Calling the ECPay API
Special Note:
Please double check the following points when receiving and sending ECPAY API notifications:
- Make sure your server (i.e. ServerReplyURL) has already enabled the firewall (i.e. any other external IP can access your server), otherwise you will not be able to receive ECPay’s response (callbacks).
- ECPay’s connection port for API calls is only the HTTPS (443 port). Please use a legitimate domain name system (DNS).
- For the request method of API calls, please use HTTP POST.
- If you really need to use a Port, ECPay supports only HTTP Port 80 and HTTPS Port 443.
- Parameters sent to ECPay’s API should not contain any HTML tags, such us <br />, <B> or <h1> .
- When testing API calls, please do not place credentials (i.e. MerchantID, HashKey and HashIV) into the front-end code, such as JavaScript, HTML and CSS in order to avoid the theft of credentials and data leakage.
- Chinese characters are not supported in server URLs. Please converter the Chinese into punycode.
- For example, 中文.tw is converted into xn--fiq228c.tw.

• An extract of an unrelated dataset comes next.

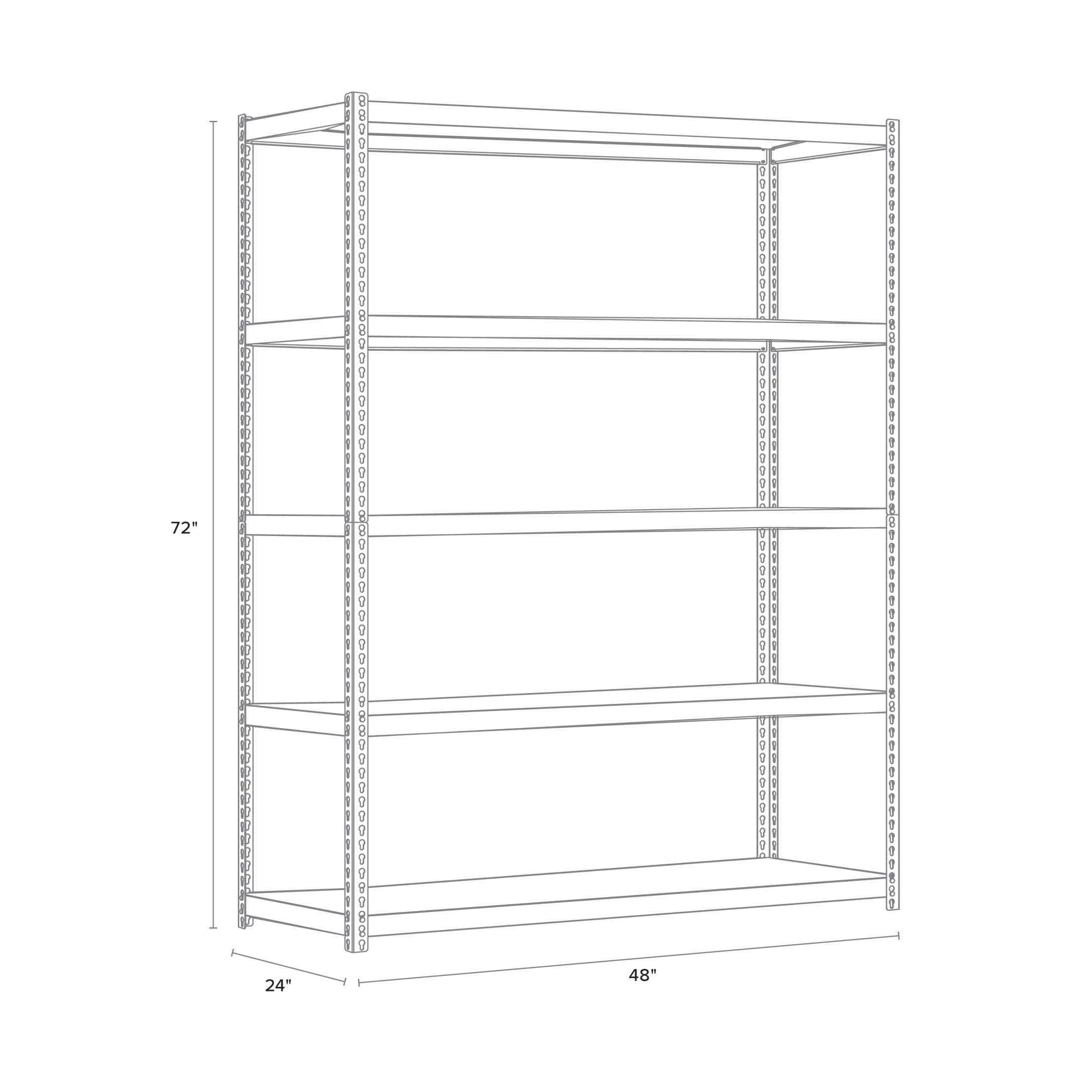 Total capacity 3,800 lbs. of evenly distributed weight Shelves adjust in 1.50″ Increments to accommodate items of varying heights 5-Shelf unit Assembles vertically or horizontally Assembles with a rubber mallet (not included) Durable powder coat finish – rust resistant Riveted Steel Construction Iron Horse 3800 Riveted Steel Shelving 5-Shelf Unit, 24D x 48W x 72H, Black

- To protect customers’ rights and online transaction security, ECPay’s API services support only TLS 1.2 and above.
- If you are calling the API too fast, you will receive an HTTP Status Code 403, so please slow down the API and wait 30 minutes before calling again.If you need to access the API at a high speed, please contact the service provider.
Merchant Firewall Settings Instructions
- If the merchant’s firewall needs to connect to ECPay’s server, since ECPay’s server IP is not fixed, please set the following domain using the FQDN method: logistics.ecpay.com.tw TCP 443 (production environment) logistics-stage.ecpay.com.tw TCP 443 (stage environment) If your company’s firewall requires a fixed IP, please apply online at https://member.ecpay.com.tw/ServiceReply/CreateProblem. For the problem category and sub-category, please select: 申請主機IP鎖定.

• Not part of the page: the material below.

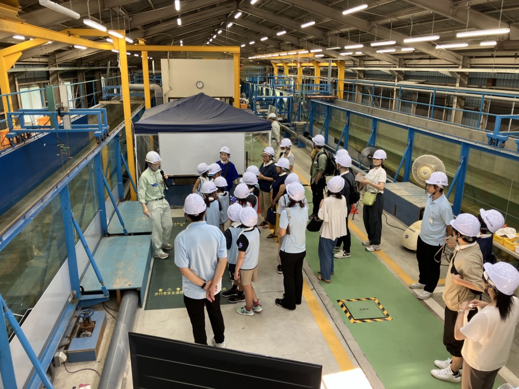 子どもたちはキッズ研究員として、最初にテトラポッドの役割や自然災害について学習し、石膏を使用したブロック製作を体験。実験棟で断面水槽、平面水槽の見学を行った後は、実際に波を発生させた小さな水槽に一つひとつブロックを据え付けて消波効果の確認を行い、最後には研究レポートを作成しました。子どもたちや保護者の皆さんからは、「テトラポッドの図鑑を作成したい」「波を弱くすることがすごい!!と思いました」等の感想をいただきました。

- If the merchant’s firewall needs to allow access from ECPay’s server, please set the following domain to allow access: postgate.ecpay.com.tw TCP 443 (production environment) postgate-stage.ecpay.com.tw TCP 443 (stage environment) If your company’s firewall requires a fixed IP, there is no need to apply separately for the postgate IP, please use the ping command to query the IP address yourself.